Don't understand why you'd want to import ivory as that is an illegal trade anywhere.


Dubai is the most 'Western' of Middle Eastern countries, so please do not be put off my the scare stories of people who have never been here.

Once you have read the sticky thread, do please ask anything else that you want/need to know, 
-


----------



## CarlZA (Nov 12, 2008)

Elphaba said:


> This is a Muslim country so dress appropriately - nothing skimpy unless on a beach.
> 
> Dubai is the most 'Western' of Middle Eastern countries, so please do not be put off my the scare stories of people who have never been here.
> -


Agreed on this. What others let you perceive of the UAE is at odds end with what it is really like.

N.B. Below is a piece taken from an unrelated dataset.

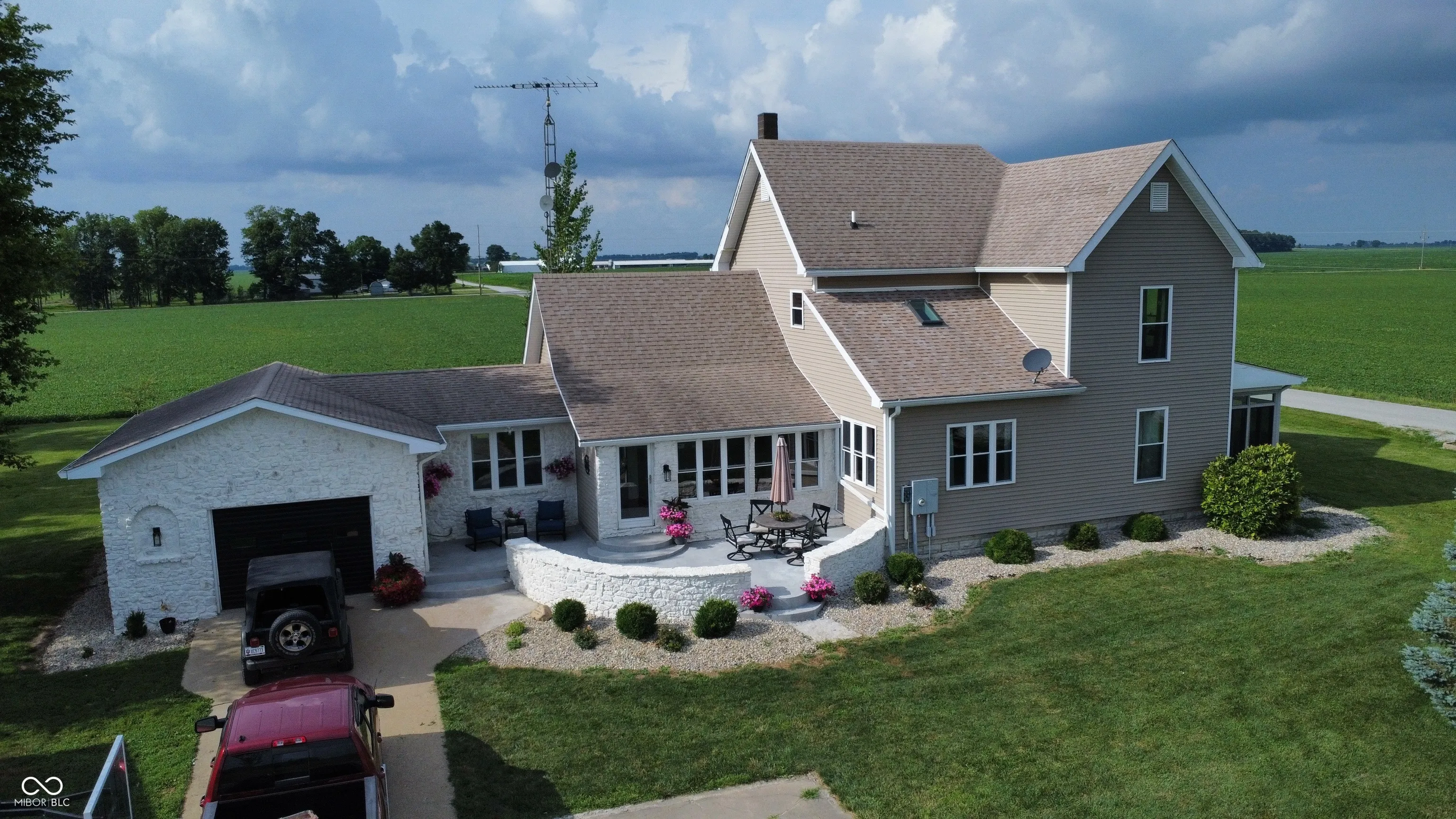 Quiet, Country Living with Modern Comfort, Just Minutes from Town! Enjoy country living in this beautiful 4-bedroom, 2 bath home perfectly situated on 2.34 acres of peaceful countryside! The spacious main-level primary suite offers a private screened-in porch, large walk-in closet, double vanity, and a stunning walk-in tile shower with dual shower heads. The laundry is thoughtfully located inside the master bath for everyday convenience. You’ll love the open-concept, spacious kitchen featuring an island, tons of cabinet space, and a bright dining area perfect for family meals and entertaining. The home also features beautiful hardwood floors in the oversized living room and primary bedroom. Dual-zone HVAC with separate systems for each floor provide energy efficiency and perfectly customized comfort. You’ll find lots of storage with the massive 40X60 pole barn/tool shed – perfect for hobbies or a workshop! This home offers space, privacy, and flexibility–ideal for families, hobbyists, or anyone looking for a little extra room to spread out. Hurry won’t last!

It's not South Africa, but it's also not a jail. I've been here for two weeks [Abu Dhabi], and find it very nice although isolated at times. But that's the path to getting used to something new.

Plus being friendly with everyone goes a very long way.


----------



## Phillipa Mauger (Jun 24, 2010)

Thank you very much ,,, dont worry not wanting to import ivory ha ha... just asking as I have a necklace that has a little ivory on it would that be classified as illegal thats why I asked. 
So bible is ok? thats great thanks, would you suggest that I dont bring my contraceptive pill in and rather buy over the counter when I get into Dubai?


----------



## Tropicana (Apr 29, 2010)

Dubai may be "western" in comparison to Saudi, but rules on medicine are very strict here.
People have previously been in custody till it was verified that their medicine didnt contain anythign illegal, so better safe than sorry !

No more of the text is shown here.